I don't know why it would be a mistake to use this to show the flaws of evolutionary theory. Generations of students have been taught that it's a demonstrated fact that our species is linearly descended from erectus which evolved from habilis. Students since the 19th century have been shown illustrations of the progressive evolution of modern man and have been assured by their teachers that the illustrations are reasonably accurate. Now we discover that they're not accurate at all.

Meanwhile, creationists of various types, most notably the Young Earth Creationists, have for sixty years been telling us that all hominids, despite their morphological differences, are the same species. They've been insisting that the conventional assumption of a linear evolutionary progression culminating in Homo sapiens is just wrong, that the evidence for it was very weak.

The Leakey discovery confirms the creationists' argument and refutes the traditional Darwinian view. I think the creationists have a right to point that out and to remind people that the evolutionists have been wrong about this aspect of their theory for over a century.

Anton then says this:

"This is not questioning the idea at all of evolution; it is refining some of the specific points," Anton said. "This is a great example of what science does and religion doesn't do. It's a continous self-testing process."

Of course. No Darwinian would ever think that any discovery, no matter how incompatible with their theory, would ever call that theory into question, but set that aside.

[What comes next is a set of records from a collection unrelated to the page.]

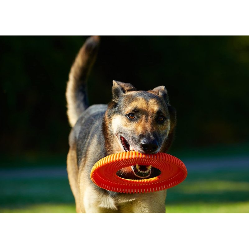 - Make Fetch Happen: The Rugged Flyer dog toy is designed with over-molded TPR ridges that provide excellent bite zones for your dog, and it rigid polypropylene core withstands the rough play and tough jaws of active dogs
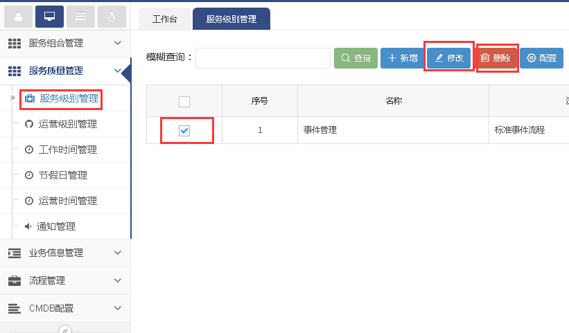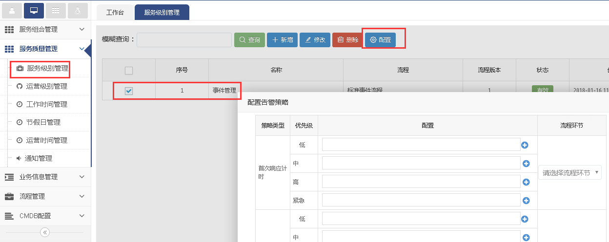 點(diǎn)擊新增。彈出對(duì)話框后,填寫名稱(如事件管理),在 流程的下拉框中選擇流程(如事件流程),可適當(dāng)填寫描述,點(diǎn)擊保存。*頁(yè)面中的yes代表設(shè)置的這個(gè)服務(wù)級(jí)別生效。
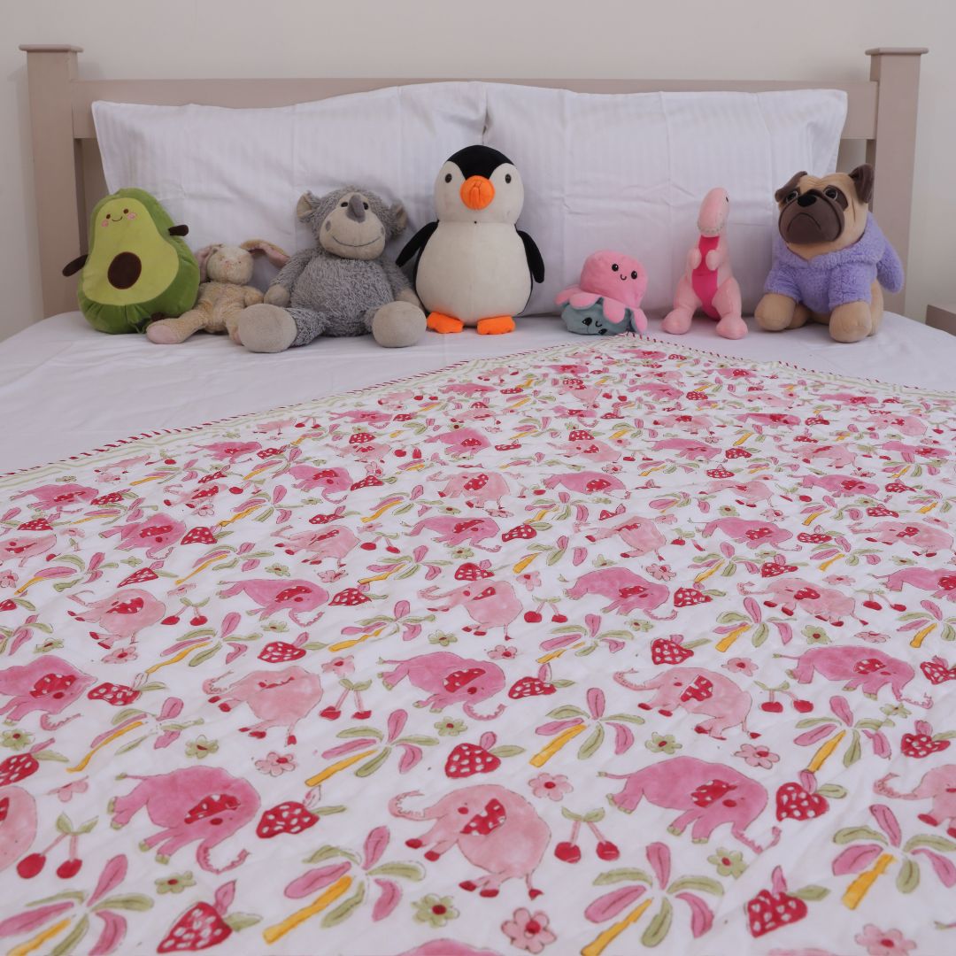 Add a pop of charm to your child’s bedtime with the Kid Pink Elephant Handblock Dohar. Featuring adorable pink elephant motifs, this dohar is crafted from ultra-soft cotton mulmul and filled with flannel for gentle warmth. The vibrant handblock prints celebrate Jaipur’s traditional craftsmanship, making it a delightful addition to your little one’s space. Durable, and machine washable, this dohar offers both comfort and convenience for everyday use.
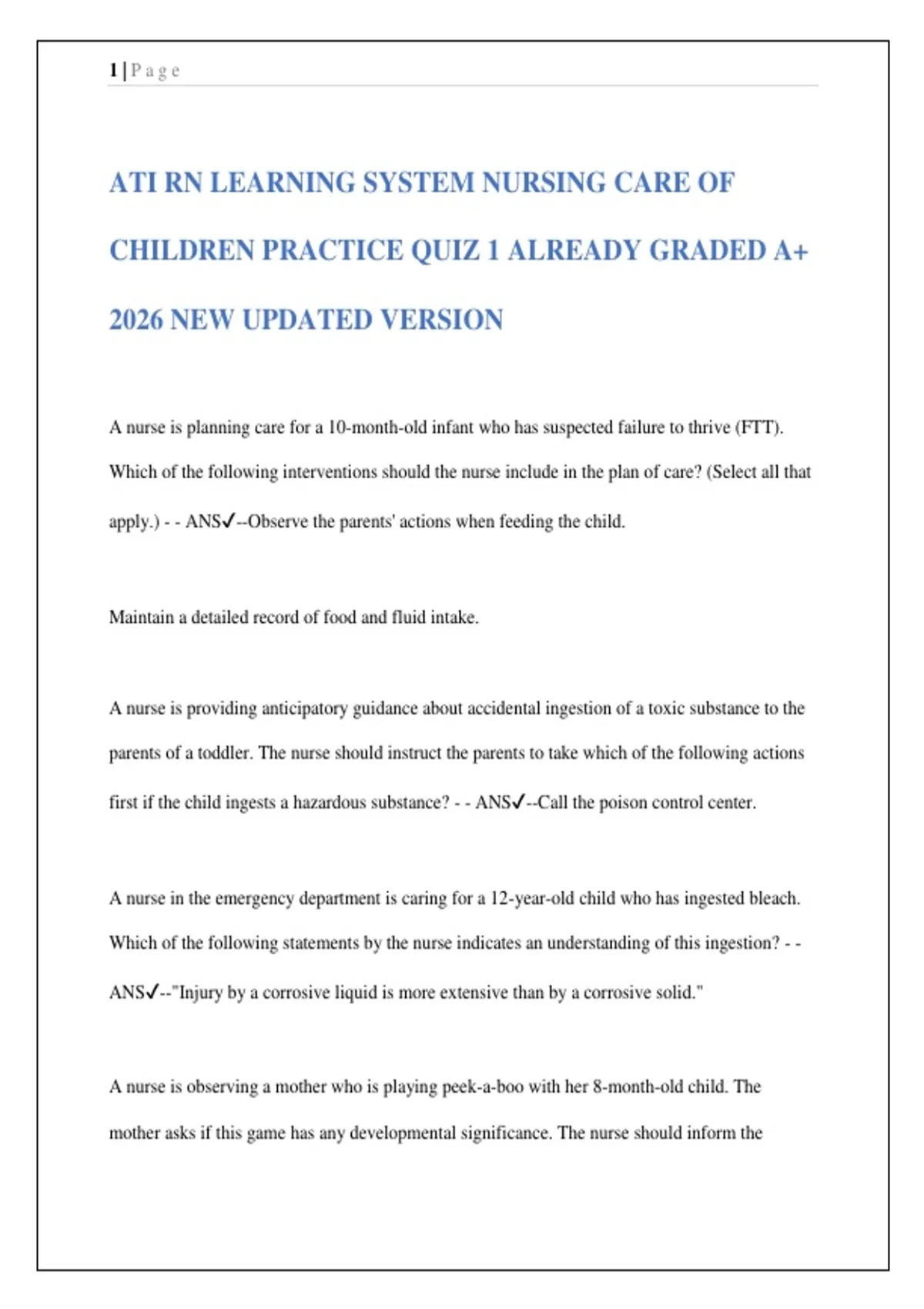 CHILDREN PRACTICE QUIZ 1 ALREADY GRADED A+
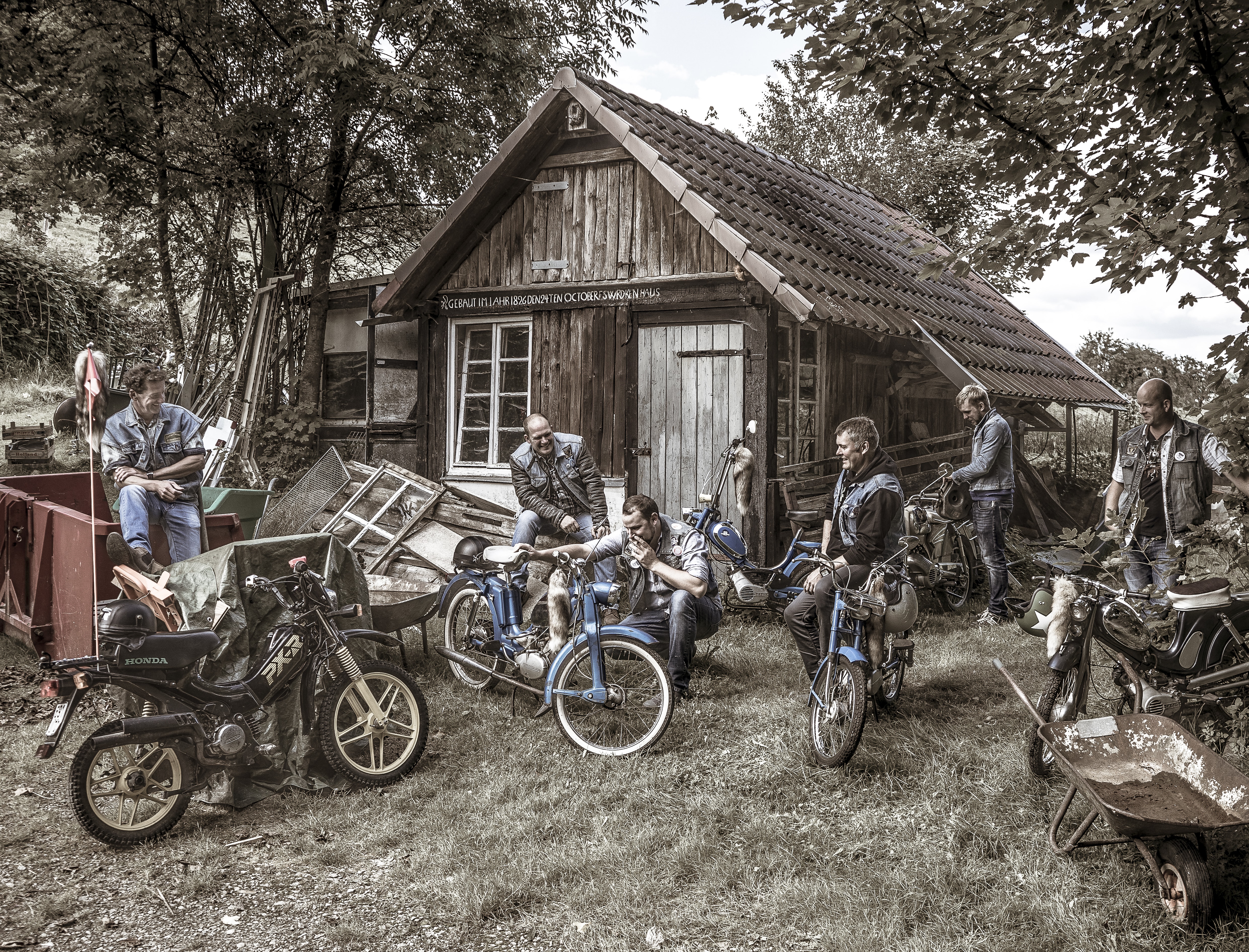 Wacken 2014 – die Sonne brennt… Unter dem Einfluss von dröhnenden Bässen – und möglicherweise auch etwas Alkohol – entdeckten ein paar Lennestädter, dass sie noch mehr gemeinsam hatten, als die Vorliebe für gute Musik: die Leidenschaft für Mofas! Es macht ja auch schließlich viel mehr Spaß, gemeinsam durch die Gegend zu knattern, und so beschlossen sie, die „Mofabande Grevenbrück“ zu gründen.
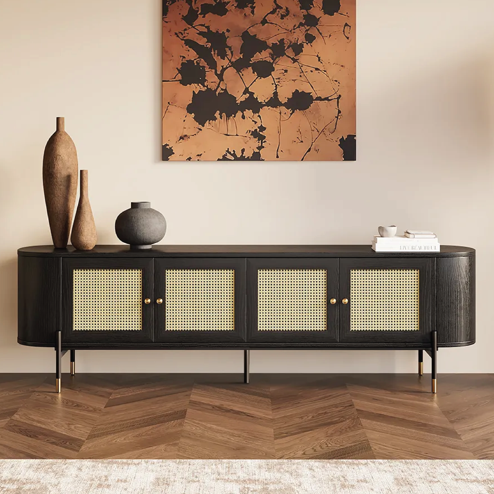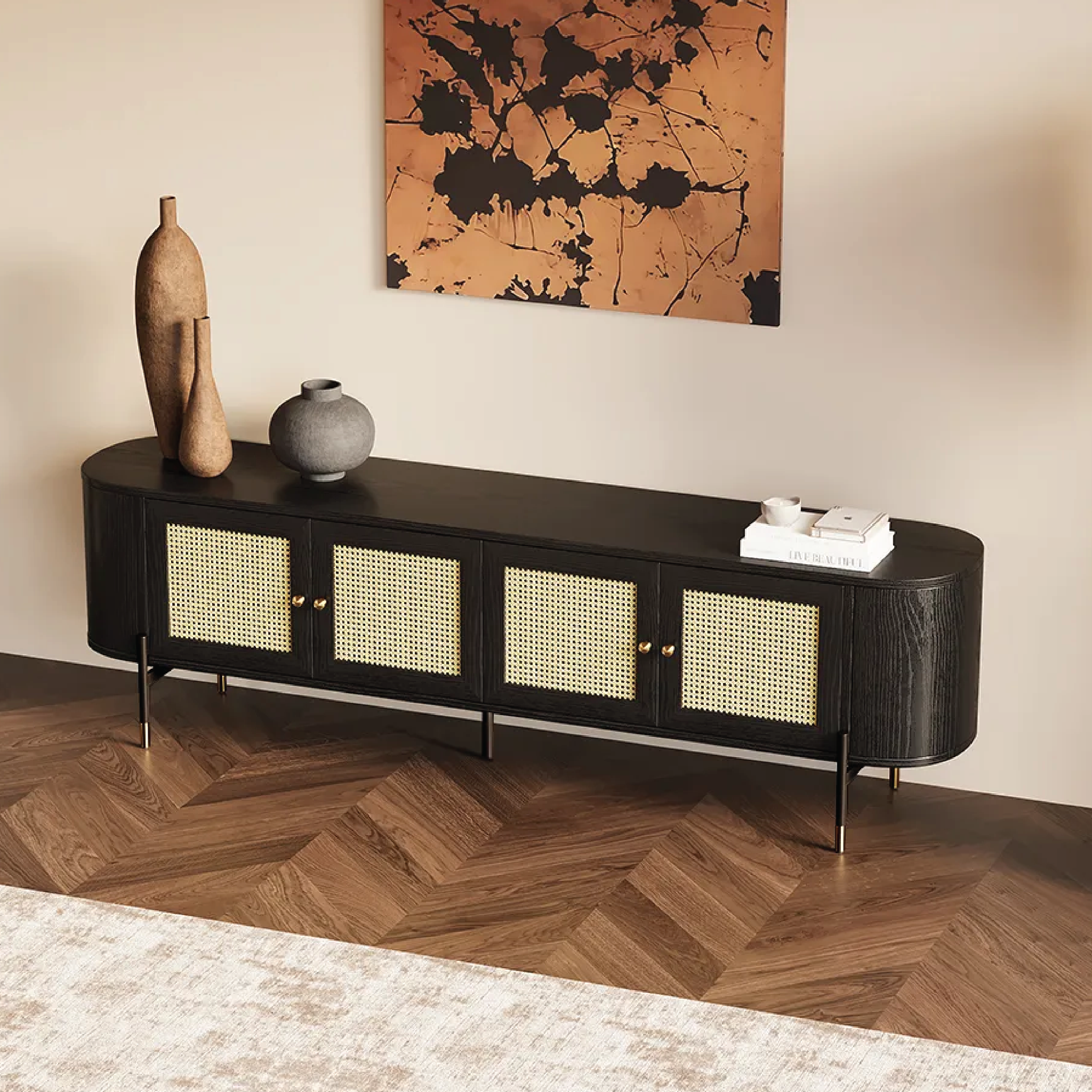 Kệ TV mang sự kết hợp hoàn hảo giữa chi tiết bo tròn mềm mại phối mây đan lấy cảm hứng từ phong cách Indochine
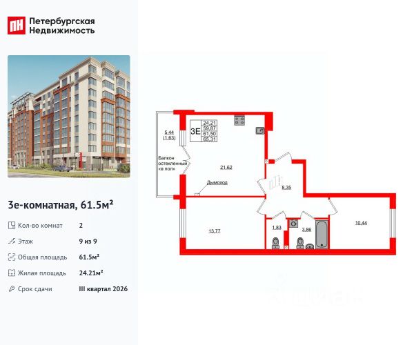 Жилая площадь 31 м2, кухня 24 м2. Площадь комнат: 15/16 м2, предчистовая отделка, совмещенных санузлов - 2.
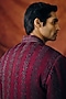 Featuring a deep wine bandhgala jacket in silk wool blend base with gota-patti, glass beads and sequins embroidery. It is paired with an organza embroidered kurta and pants. Style it with a pair of mojaris for a festive occasion, cultural event, wedding, mehendi for engagement ceremony.
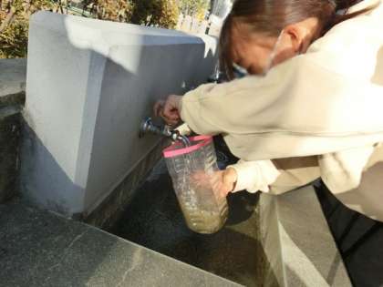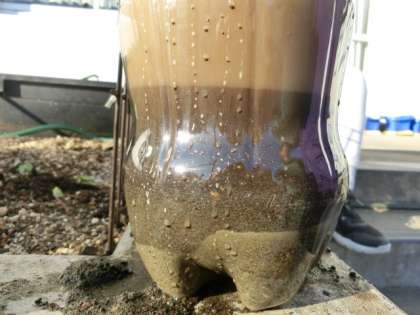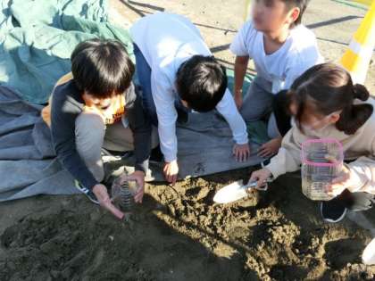 6年生は理科で地層について学んでいます。地層ができる理由を、ペットボトルに土を入れた実験で確かめました。
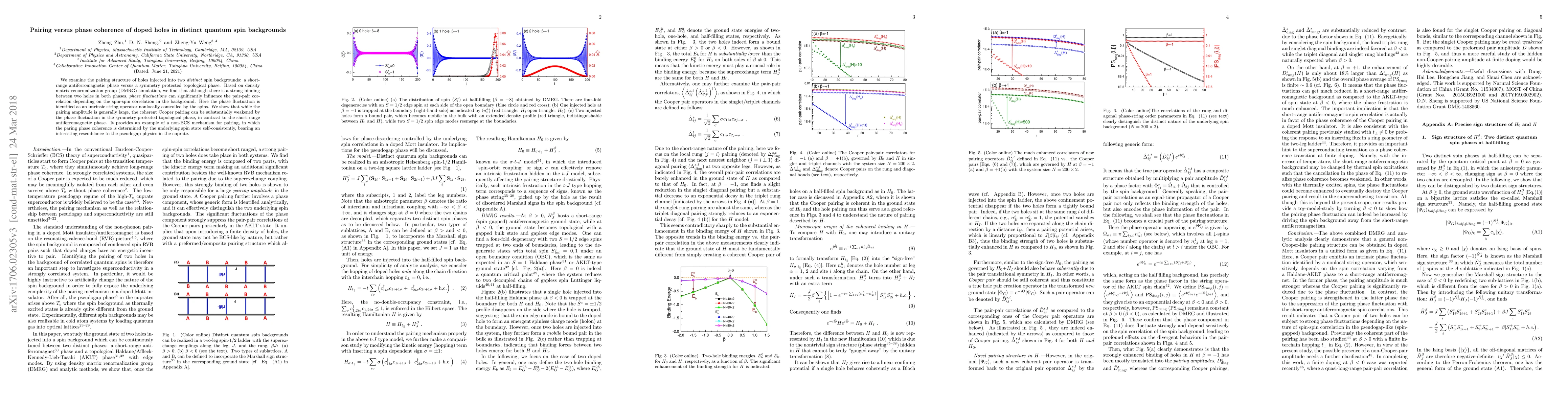 This paper investigates the pairing behavior of doped holes in two different spin backgrounds: a short-range antiferromagnetic phase and a symmetry-protected topological phase. The study reveals that while hole pairing is strong in both, phase fluctuations significantly affect pair-pair correlations, especially in the topological phase, leading to weakened coherent pairing compared to the antiferromagnetic phase.
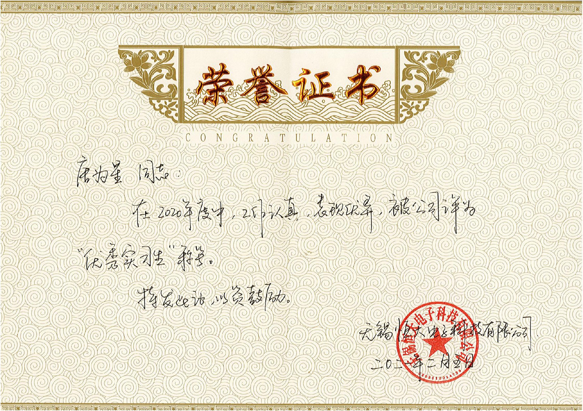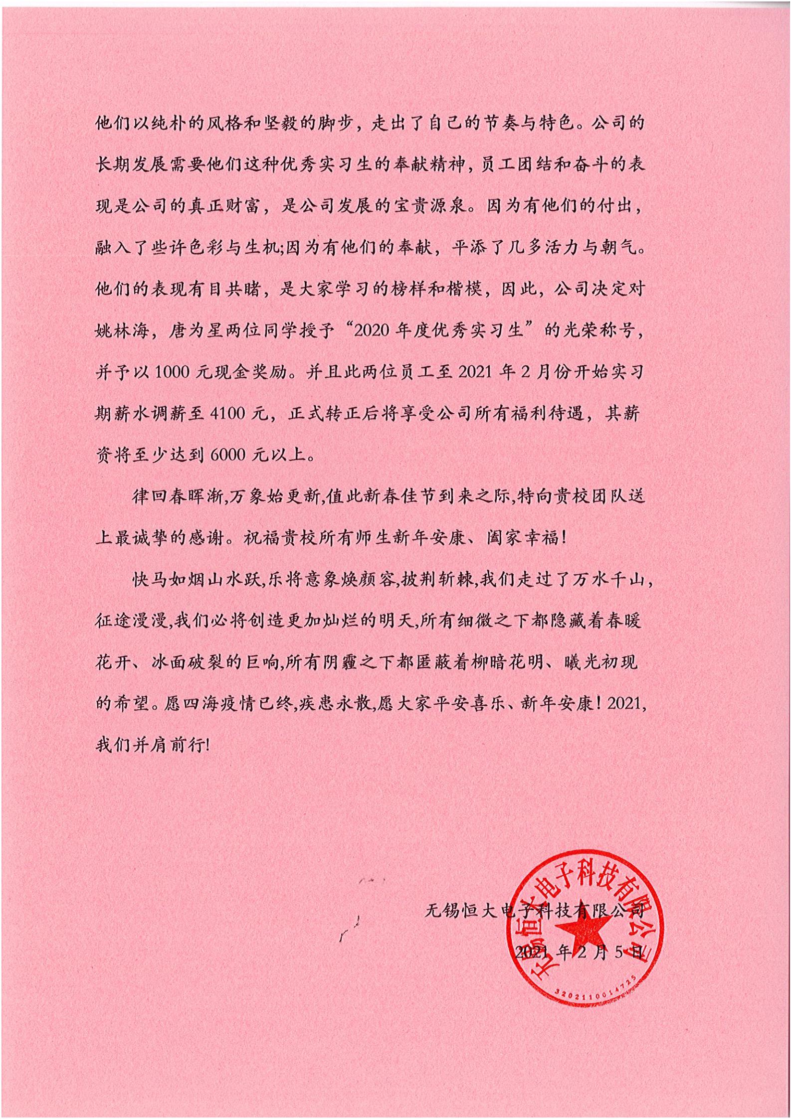 會(huì)上(shàng),無錫合利達電子科技有限公司行(xíng)政部經理(lǐ)唐蓉對(duì)鳳凰職業(yè)中專學校(xiào)的(de)實習(xí)生(shēng)們進行(xíng)了(le)感謝(xiè),并對(duì)他(tā)們認真負責、勇于創新的(de)工(gōng)作(zuò)态度給予充分(fēn)肯定和(hé)表揚,并著(zhe)重表揚了(le)姚林(lín)海(hǎi)、唐為(wèi)星兩位學生(shēng),授予“2020年(nián)度優秀實習(xí)生(shēng)”的(de)稱号,并給予兩位突出表現(xiàn)的(de)學生(shēng)相(xiàng)應的(de)獎勵,以資鼓勵。随後,無錫合利達電子科技有限公司項目經理(lǐ)匡威發表講話(huà),肯定了(le)鳳凰職業(yè)中專學校(xiào)12位實習(xí)生(shēng)的(de)付出;最後,鳳凰職業(yè)中專學校(xiào)學生(shēng)科(kē)的(de)傅老(lǎo)師(shī)表示十分(fēn)欣慰,并感謝(xiè)無錫合利達電子科技有限公司的(de)肯定,希望未來(lái)繼續合作(zuò)共赢,共創輝煌。
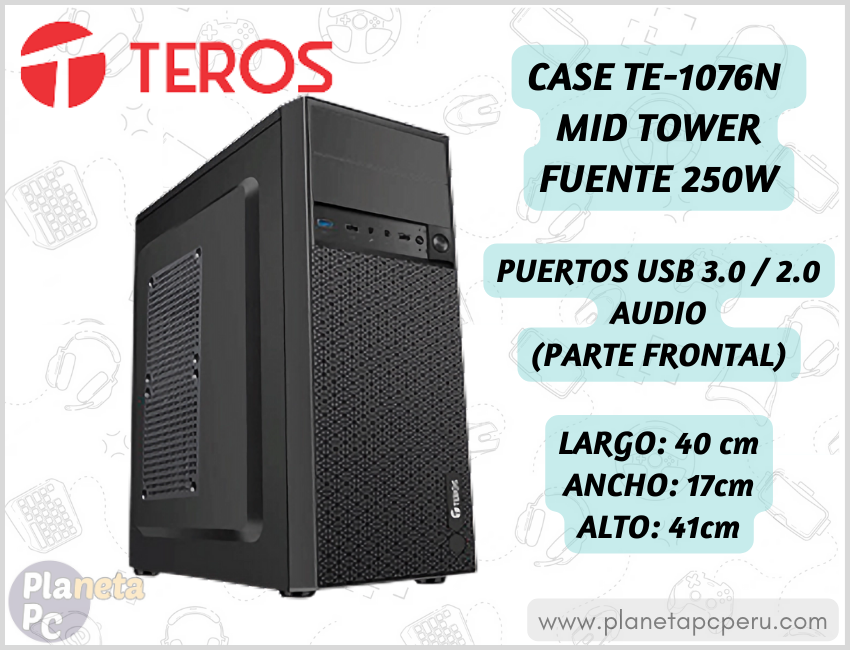 Case Teros TE1075N, Mid Tower, ATX, 250W, USB 3.0 ... Case Teros TE1075N, Mid Tower, ATX, 250W, USB 3.0 / 2.0, Audio, Negro

What does religion have to do with this discovery? The main question raised by the article is what reason is there for assuming that H. habilis and H. erectus - or Neanderthals and H. sapiens, for that matter - are all separate and distinct species? If it turns out that they're not that fact might have dramatic philosophical and religious implications, but to suggest, as Ms Anton seems to do, that simply questioning the Darwinian paradigm of human evolution is ipso facto religious is more than a little peculiar.